■ **Task statement**
Although the records contain pictures, none belong in the copy: restate word for word only the lines from the one with "O Promotor de" through the one with "A very clean", both included.

Start of Record extracts

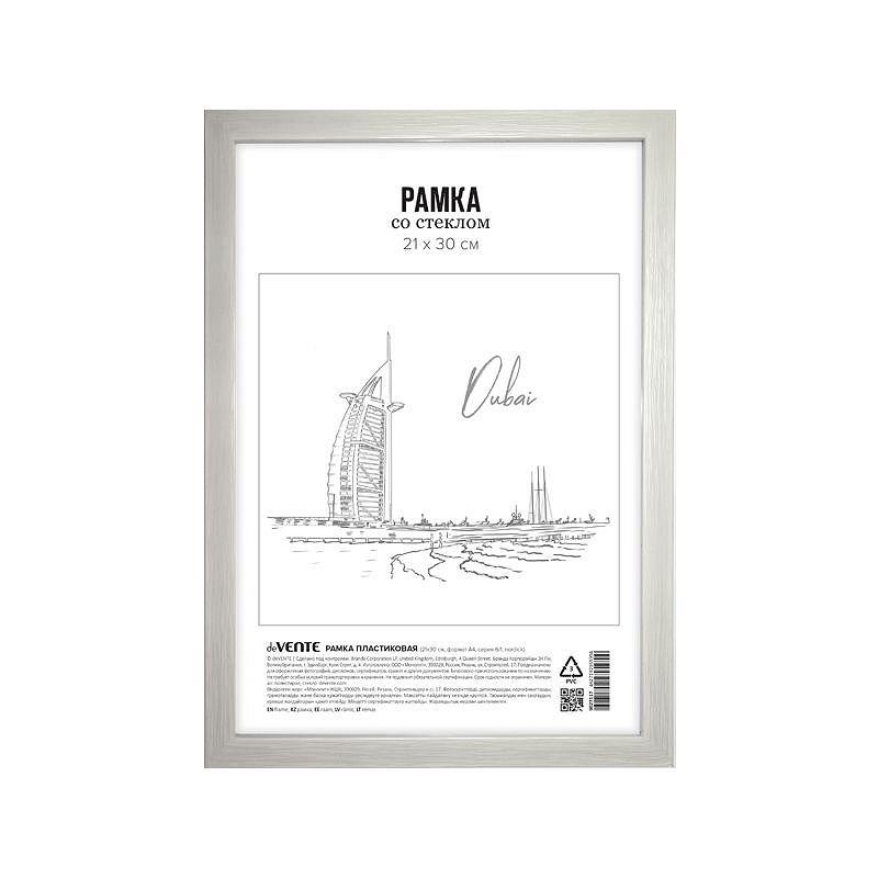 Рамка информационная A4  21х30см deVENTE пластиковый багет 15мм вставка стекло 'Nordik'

End of Record extracts
Start of Record extracts

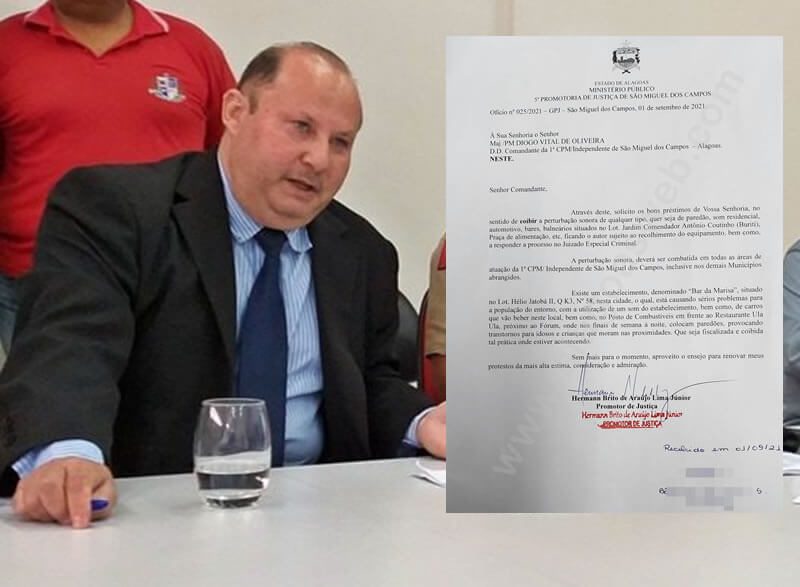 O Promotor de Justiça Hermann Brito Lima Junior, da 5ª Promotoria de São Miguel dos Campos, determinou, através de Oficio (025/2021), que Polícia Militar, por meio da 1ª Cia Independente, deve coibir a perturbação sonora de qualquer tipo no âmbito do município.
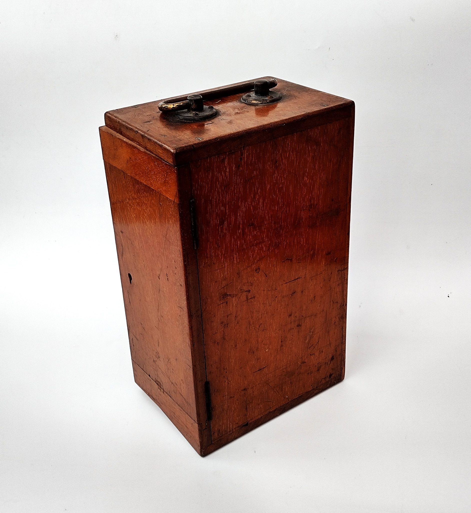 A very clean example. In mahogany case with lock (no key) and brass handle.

End of Record extracts
Start of Record extracts

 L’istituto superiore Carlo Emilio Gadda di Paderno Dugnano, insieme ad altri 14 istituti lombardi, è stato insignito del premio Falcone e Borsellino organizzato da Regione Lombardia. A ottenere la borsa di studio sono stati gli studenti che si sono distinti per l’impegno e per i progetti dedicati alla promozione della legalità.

End of Record extracts

■ **Output**
 O Promotor de Justiça Hermann Brito Lima Junior, da 5ª Promotoria de São Miguel dos Campos, determinou, através de Oficio (025/2021), que Polícia Militar, por meio da 1ª Cia Independente, deve coibir a perturbação sonora de qualquer tipo no âmbito do município.
 A very clean example. In mahogany case with lock (no key) and brass handle.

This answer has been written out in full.